Con la risposta n. 195 del 20 aprile 2022, l’Agenzia delle entrate chiarisce che non spetta il credito di imposta previsto dal decreto “Rilancio” per gli atti di concessione che non siano assimilabili né alla locazione tipizzata nel codice civile né a un provvedimento amministrativo di concessione di godimento degli immobili. I contratti, in particolare, devono possedere i requisiti soggettivi e oggettivi, stabiliti dalla normativa di riferimento.
Una Srl, controllata da un’altra srl, opera nel settore della gestione integrata dei servizi al pubblico, sulla base di atti di concessione da parte di enti pubblici.
La società riferisce di aver sottoscritto, quale mandataria di un RTI, due atti di concessione per la gestione di un sistema territoriale integrato dei servizi per il pubblico per determinati siti.
Oggetto di entrambi gli atti di concessione è la gestione del sistema territoriale dei servizi per il pubblico; le sedi di esercizio dei servizi sono le varie biglietterie ed i punti di ristoro presso le aree museali ed archeologiche, come identificate nel bando di concessione. Il canone di concessione si compone di una quota fissa e di una quota del fatturato derivante dai servizi integrati, al netto dell’Iva (oltre ad una percentuale avente natura di corrispettivo per l’acquisto dei biglietti di ingresso dalla stessa Amministrazione concedente).
In ambedue i casi la quota fissa del canone è a carico della mandataria, senza possibilità di rivalsa sulle altre aziende componenti la RTI.
La Srl precisa, inoltre, che, dalle scritture private sottoscritte con le mandanti, è possibile constatare la ripartizione dei costi e ricavi tra i componenti del RTI (il quale non ha subito modifiche), e, in particolare, che il canone di concessione è a carico della srl.

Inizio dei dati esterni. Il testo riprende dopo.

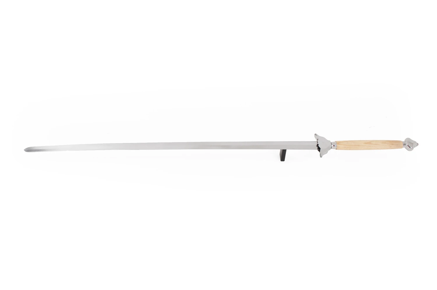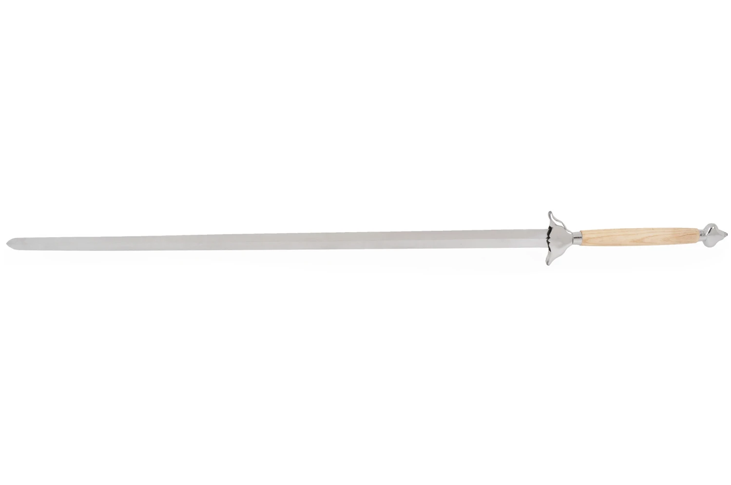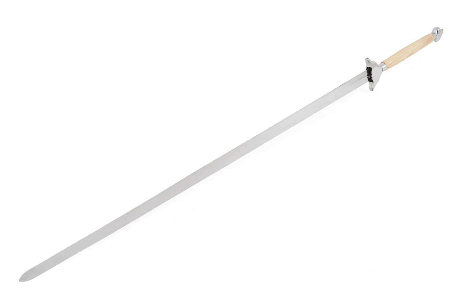 Épée à deux mains, chromée par galvanisation (électrolyse), lame semi rigide.
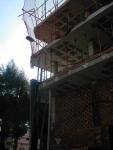 Un caso similar, pero en un edificio de menores dimensiones se ha producido en la calle del Gral. Polavieja, junto al Hipersol. Si el permiso para retirar el poste telefónico no llega pronto, el nuevo inquilino se encontrará con su casa abierta por el balcón y deberá completarla después. Mientras tanto, los albañiles sortean el problema como pueden.
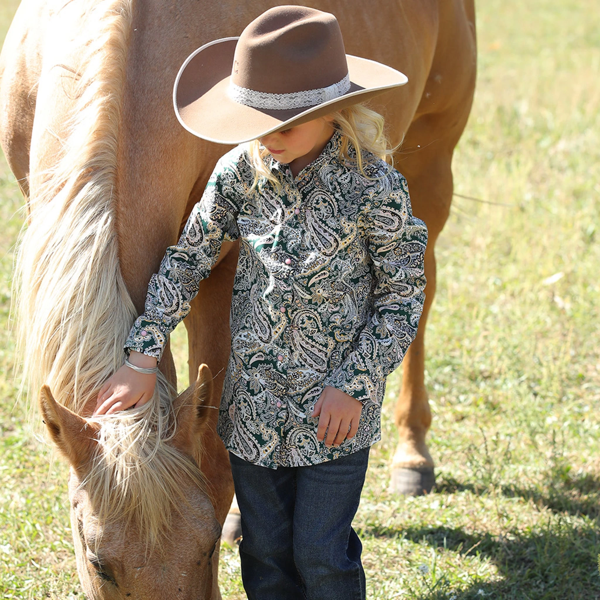 The perfect competition shirt for your little cowgirl! This green paisley Cruel Girl shirt is absolutely beautiful and will look great in the arena.Â

La compagine precisa, poi, che i servizi forniti dall’istante sono servizi integrati al pubblico ed il canone corrisposto all’ente concedente deriva dall’importo posto a base di gara dal concedente oltre l’importo offerto a rialzo dall’istante. L’istante fa, vieppiù, presente di rientrare nella casistica di cui al comma 3 dell’articolo 110 del Codice dei beni culturali. La Srl, comunque, ammette di non essere a conoscenza del calcolo effettuato dal concedente per giungere alla determinazione dell’importo del canone di concessione; tuttavia, non esiste una distinzione del canone relativo all’utilizzo dei locali e quello relativo ai servizi. Infine, la società fa presente che è competenza dell’Amministrazione il rilascio dell’autorizzazione a terzi che richiedono la concessione in uso temporaneo dei siti o parti di essi ed il provvedimento viene comunicato contestualmente al concessionario.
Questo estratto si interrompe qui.